* **Task prompt**
Below are records with pictures in them. Output exactly the lines from the one with "DC circuit system" through the one with "The model wears", both included, and leave every picture out; give only those lines.

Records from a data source
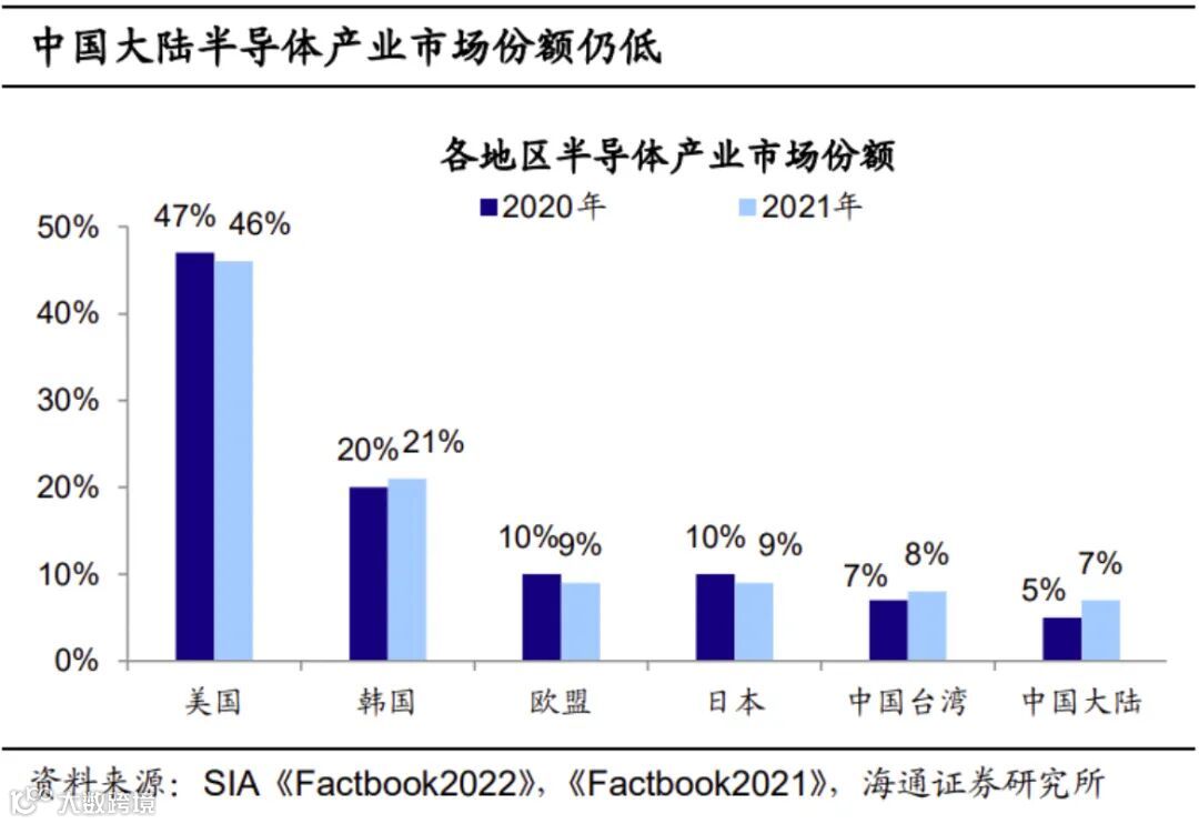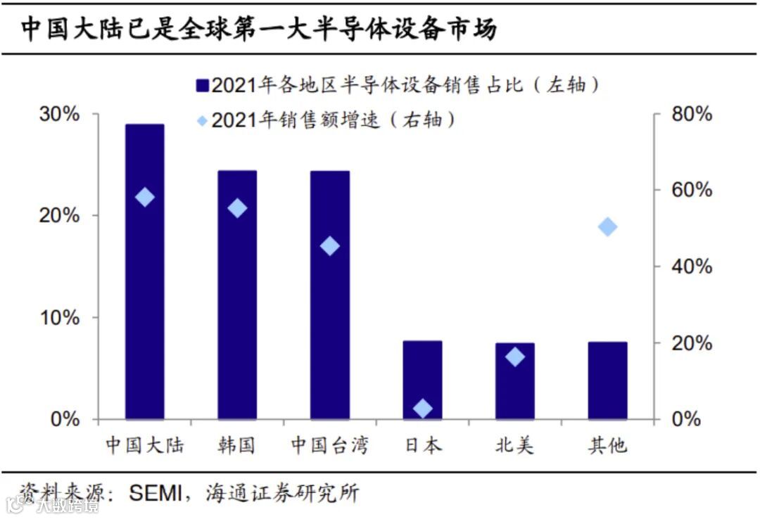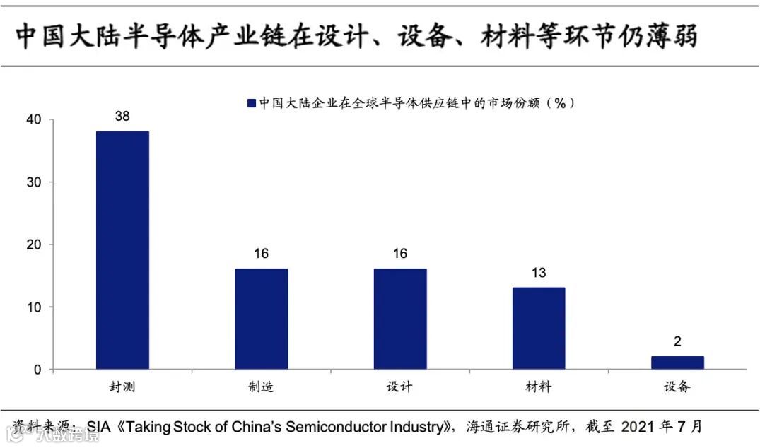 中国大陆已是第一大半导体消费市场,但材料、设备、设计等环节尚未自主可控。从半导体产业链来看,我国在中游的封测具备一定优势,制造环节也正取得突破,但在技术壁垒较高的核心技术环节尚未实现自主可控,如上游的设备和材料我国进口依赖度仍高,设计环节也比较薄弱。半导体是信息技术时代诸多前沿技术的基础,在地缘政治不确定性加大的影响下,半导体产业链本土化趋势将成为新常态,相关领域国产替代将提速。
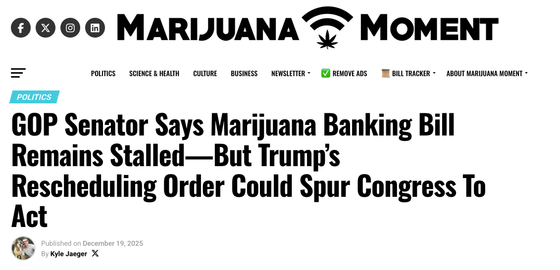 President Donald Trump’s rescheduling of cannabis — how would that, maybe, affect your SAFER Banking Act?
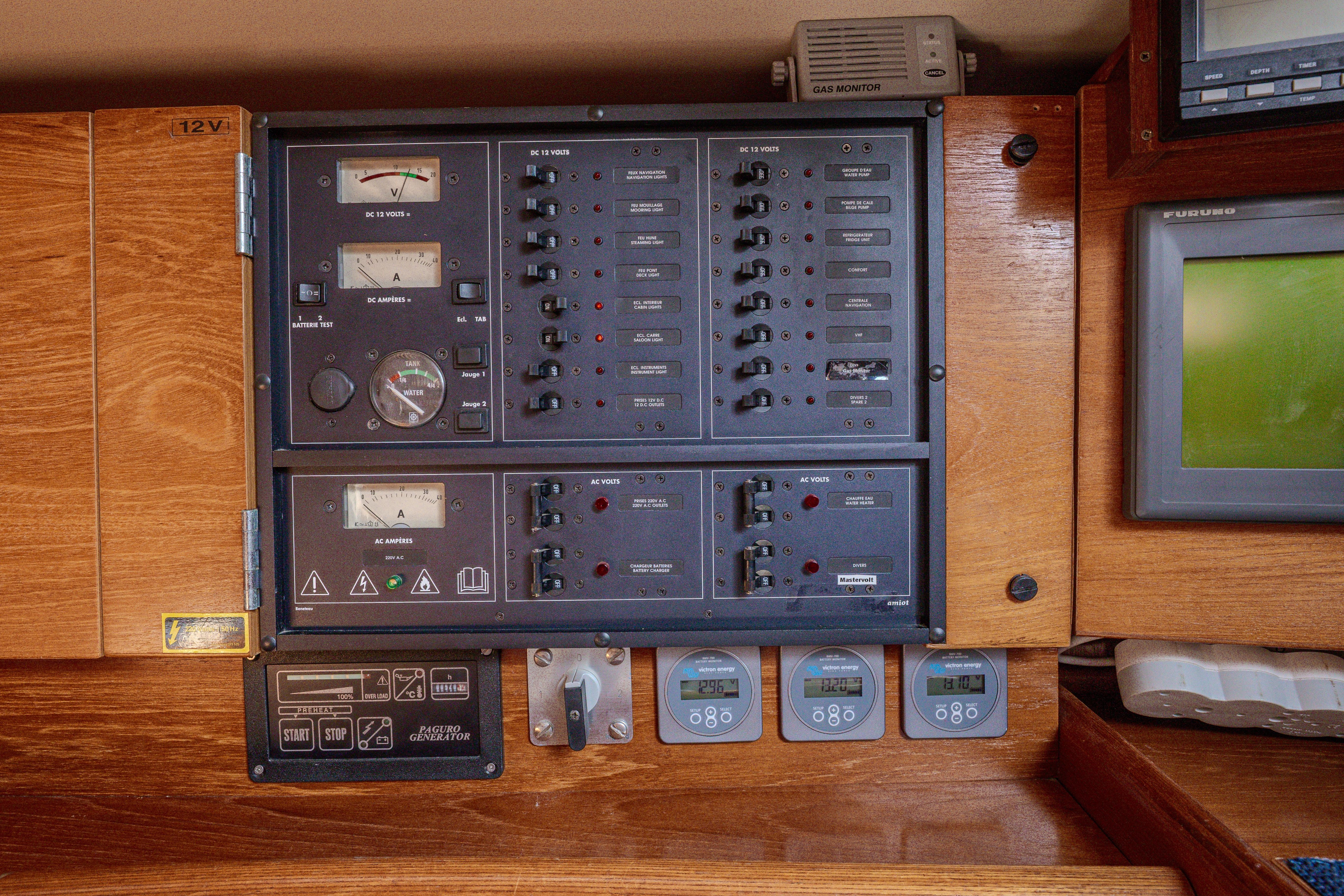 DC circuit system and distribution panel power internal lighting, instruments, fresh water and bilge pumps.
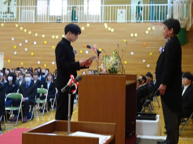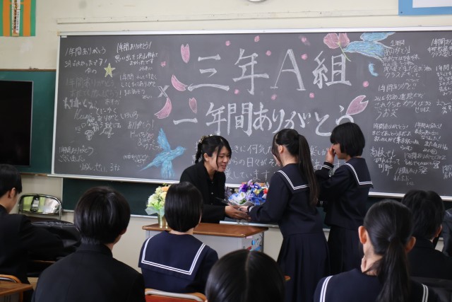 教室に戻り、一人一人に卒業証書授与が行われ、先生から、生徒からの贈り物がそれぞれ披露されました。思いのこもった、いい卒業式でした。ご来賓の皆様、保護者の皆様、来校ありがとうございました。
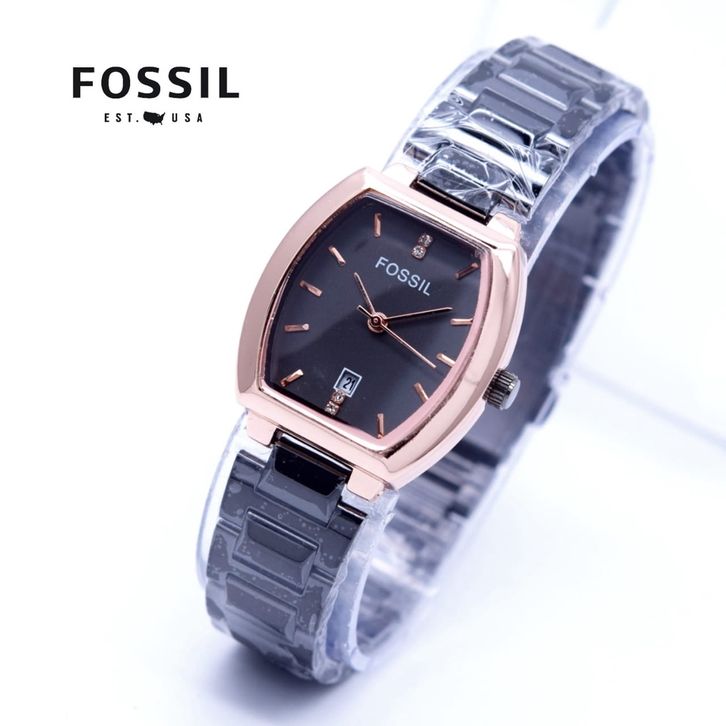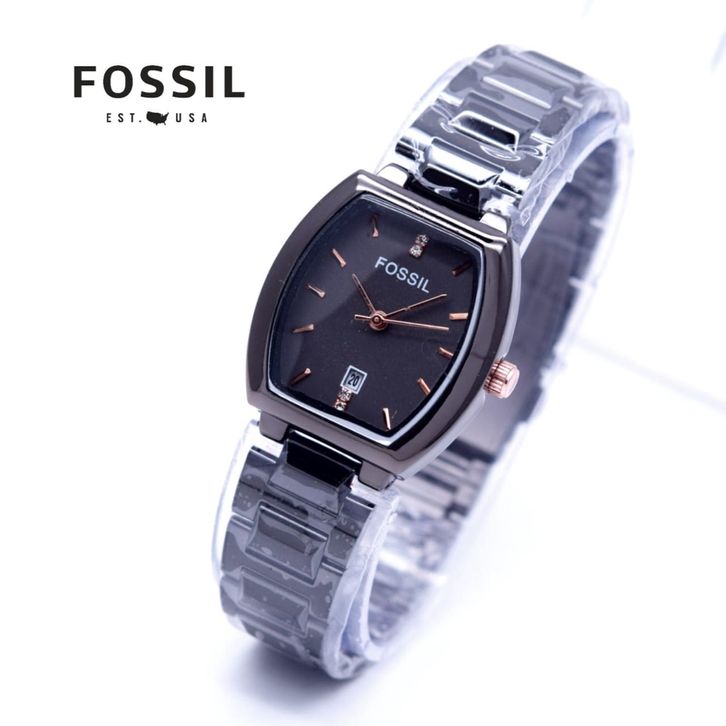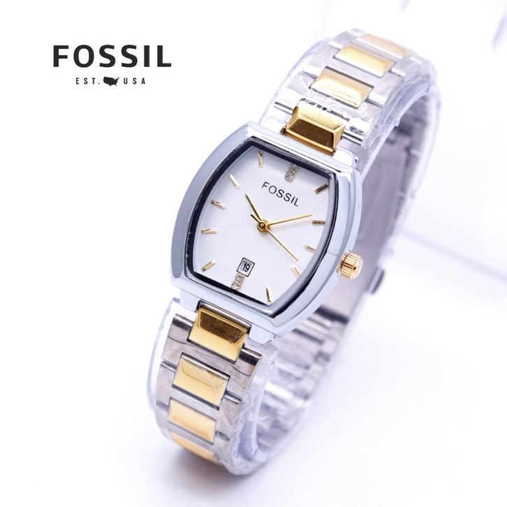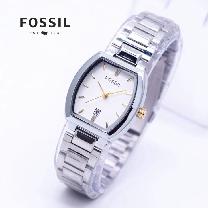 Jam Tangan Wanita Mewah Tali Rantai Tanggal Aktif Case Oval Free Box Baterai Cadangan
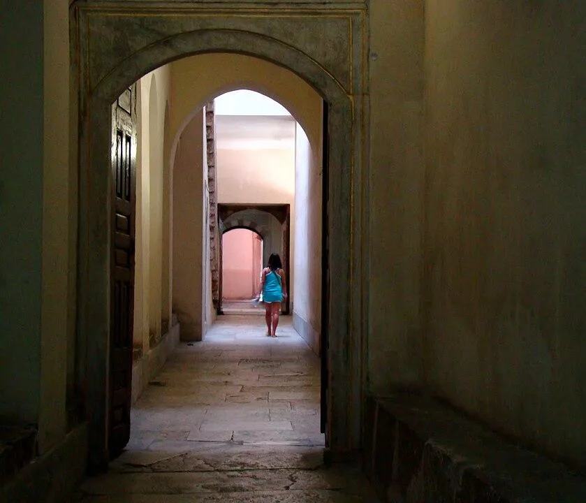 The part of the Harem where women lived was entered through the corridor of concubines. The black aghas would place the food cooked in the kitchens and delivered in trays on the counters seen here, and after they left, the concubines in charge would distribute the food to the Harem in a hierarchy.
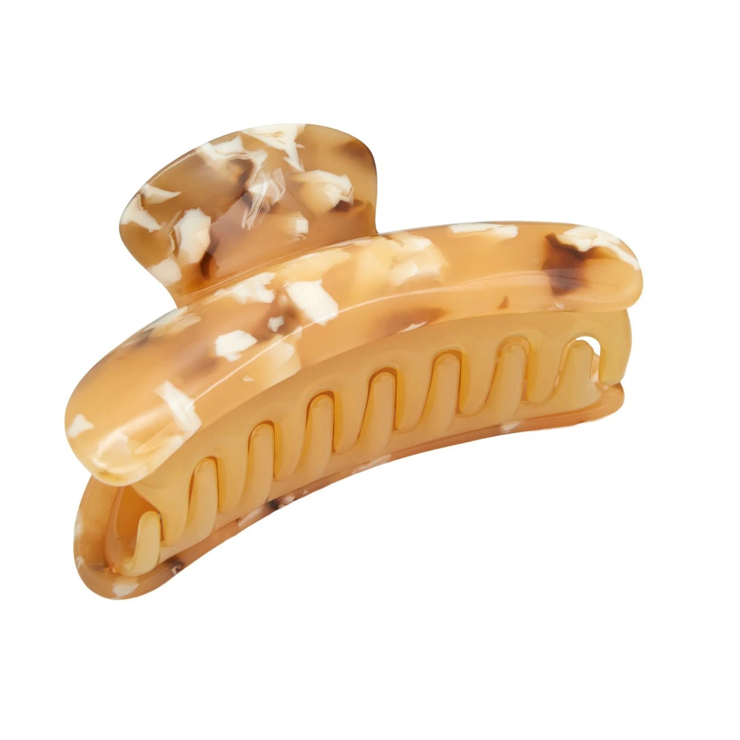 The model wears our Grande Claw in Blonde Tortoise.
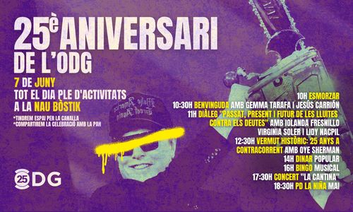 Aniversari 25 anys ODG Saturday, Jun 07, 10:00 AM-09:00 PM Saturday 7 June 21:00 Nau Bostik Carrer del Pont del Treball Digne, la Sagrera, Barcelona SagreraSantAndreuaniversaribingo musicalmonoleg
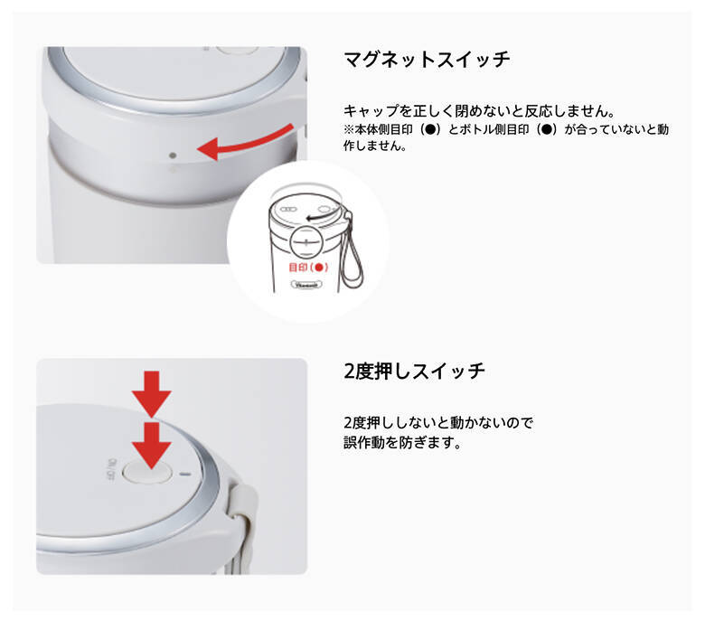 ビタントニオ マイボトルブレンダー (ミル付) 販売価格 7,700 円 (税込) 商品コード2位 ビタントニオ ブレンダー ミキサー ジューサー 粉末 パウダードリンク スムージー 離乳食 氷も砕ける マイボトル ミニブレンダー グリーンスムージー 便利グッズ 朝食 ギフト 新生活ポイント10倍 送料無料 Vitantonio マイボトルブレンダー VBL50 4,378円マイボトルブレンダーシリーズ ※2cm角以下の氷を使用してください 追加ボトルセットのご購入は コチラのWEBショップから。 仕様 品名 ビタントニオ ミニボトルブレンダー
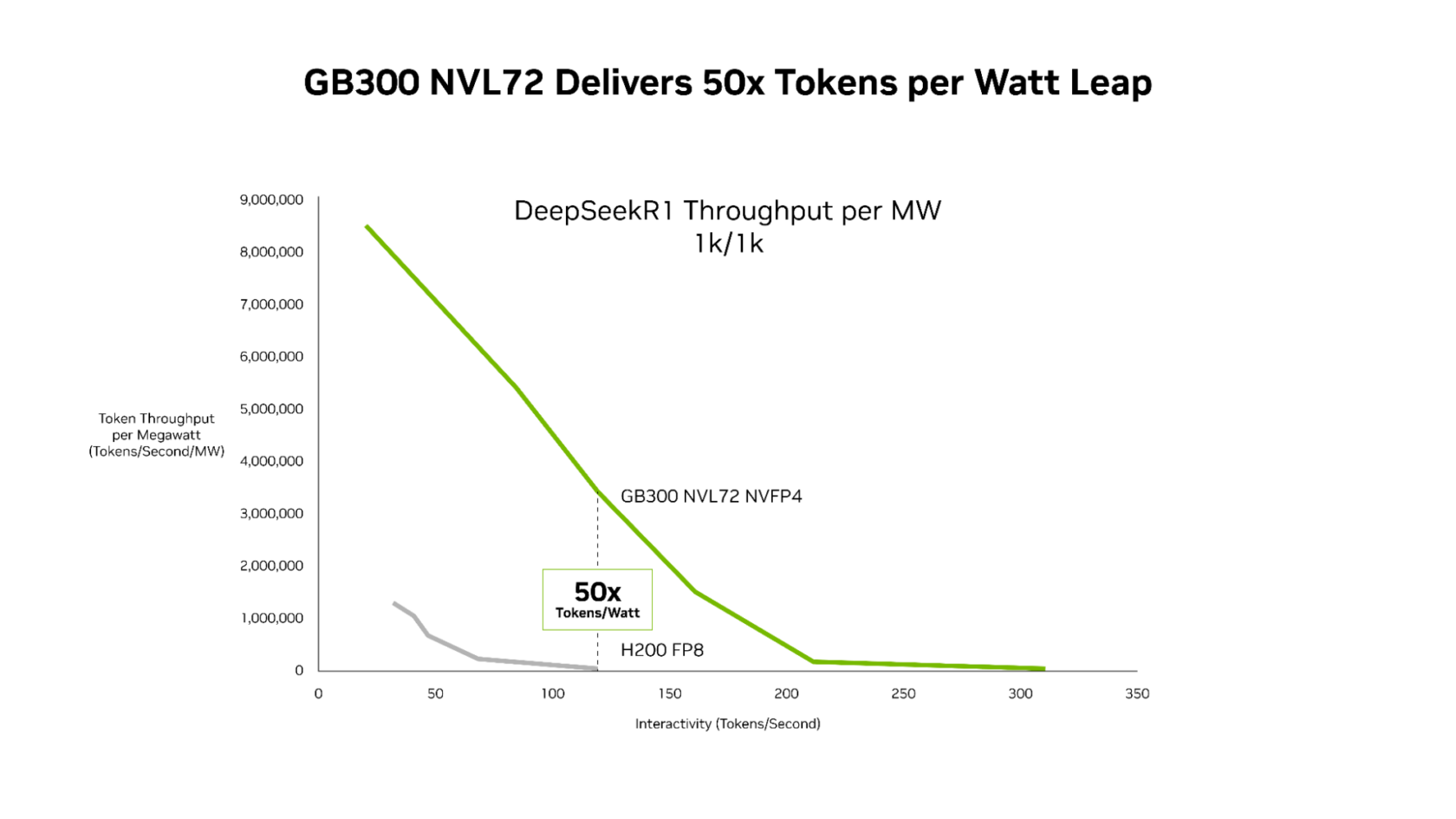 Building on these software advances, GB300 NVL72 — which features the Blackwell Ultra GPU — pushes the throughput-per-megawatt frontier to 50x compared with the Hopper platform.

* **Response box**
 DC circuit system and distribution panel power internal lighting, instruments, fresh water and bilge pumps.
 教室に戻り、一人一人に卒業証書授与が行われ、先生から、生徒からの贈り物がそれぞれ披露されました。思いのこもった、いい卒業式でした。ご来賓の皆様、保護者の皆様、来校ありがとうございました。
 Jam Tangan Wanita Mewah Tali Rantai Tanggal Aktif Case Oval Free Box Baterai Cadangan
 The part of the Harem where women lived was entered through the corridor of concubines. The black aghas would place the food cooked in the kitchens and delivered in trays on the counters seen here, and after they left, the concubines in charge would distribute the food to the Harem in a hierarchy.
 The model wears our Grande Claw in Blonde Tortoise.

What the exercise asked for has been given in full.